Many calls that collectors have made to Florida residents do not even concern legitimate debts. This may be because of fraud or miscommunication when collection agencies sell debts to different collectors while failing to clarify whether the debt has been paid off. One of the most important tips when dealing with debt collectors is: always verify the debt is real. Five days after contacting you, debt collectors are required to send a written letter indicating how much is owed, to whom the debt is owed and how one is to proceed in paying off the debt.

If you have tried to resolve a matter with a debt collector without success, then you can try to get them to stop contacting you by doing the following:

• Tell the debt collector in writing to refrain from contacting you;

• Keep copies of all correspondence that you send; and

• Send such requests by certified mail with a return receipt.

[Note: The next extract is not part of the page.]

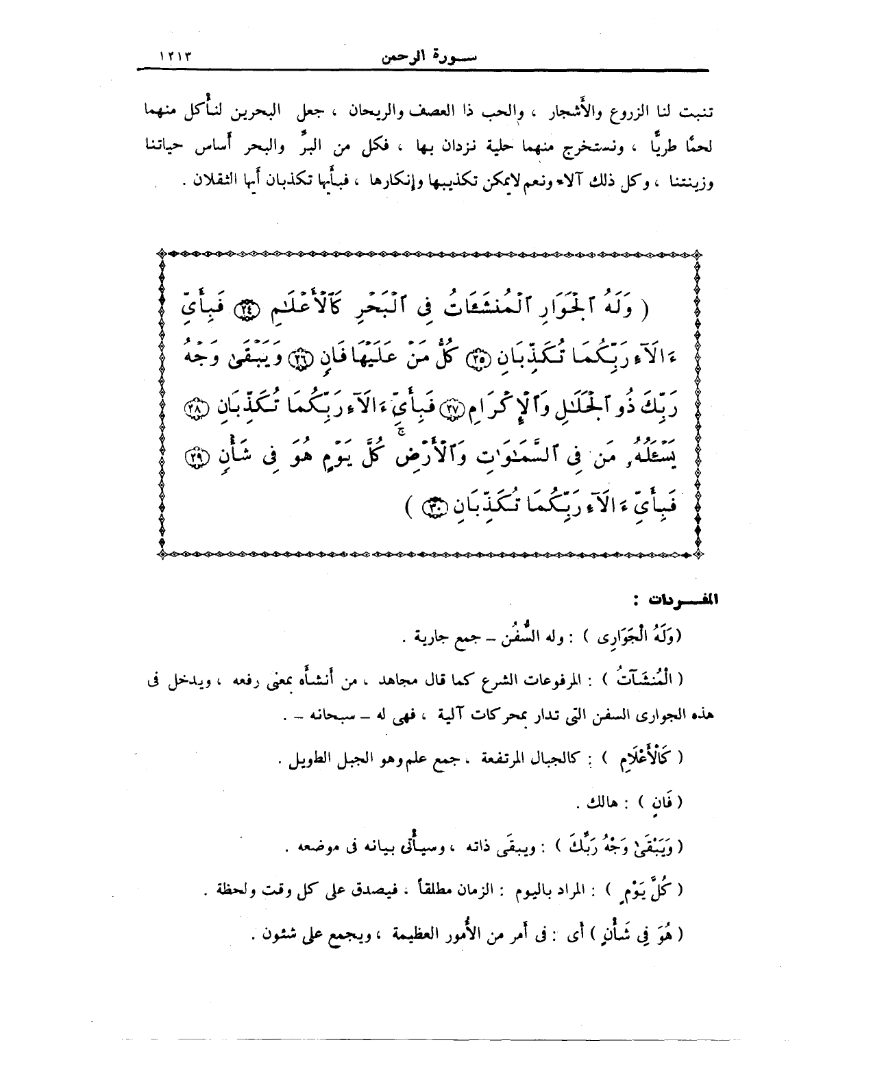 {وَلَهُ الْجَوَارِ الْمُنْشَآتُ فِي الْبَحْرِ كَالْأَعْلَامِ (24) فَبِأَيِّ آلَاءِ رَبِّكُمَا تُكَذِّبَانِ (25) كُلُّ مَنْ عَلَيْهَا فَانٍ (26) وَيَبْقَى وَجْهُ رَبِّكَ ذُوالْجَلَالِ وَالْإِكْرَامِ (27) فَبِأَيِّ آلَاءِ رَبِّكُمَا تُكَذِّبَانِ (28) يَسْأَلُهُ مَنْ فِي السَّمَاوَاتِ وَالْأَرْضِ كُلَّ يَوْمٍ هُوَ فِي شَأْنٍ (29) فَبِأَيِّ آلَاءِ رَبِّكُمَا تُكَذِّبَانِ (30)}

After notifying you that they will not be contacting you again (unless further action is required), the debt collector will then be prohibited from contacting you in the future.

Debt collectors are not allowed to harass, deceive or threaten alleged debtors in any manner. If you believe a debt collector has violated the FDCPA, you can then file a lawsuit protecting your rights one year following any violation. The debt will not go away, but you can recover damages such as lost wages and medical bills.

If a debt collector files a lawsuit against you then you will certainly want to contact an experienced attorney. Do not ignore a summons to appear in court. Otherwise your rights will not be protected and your wages may be subject to garnishment.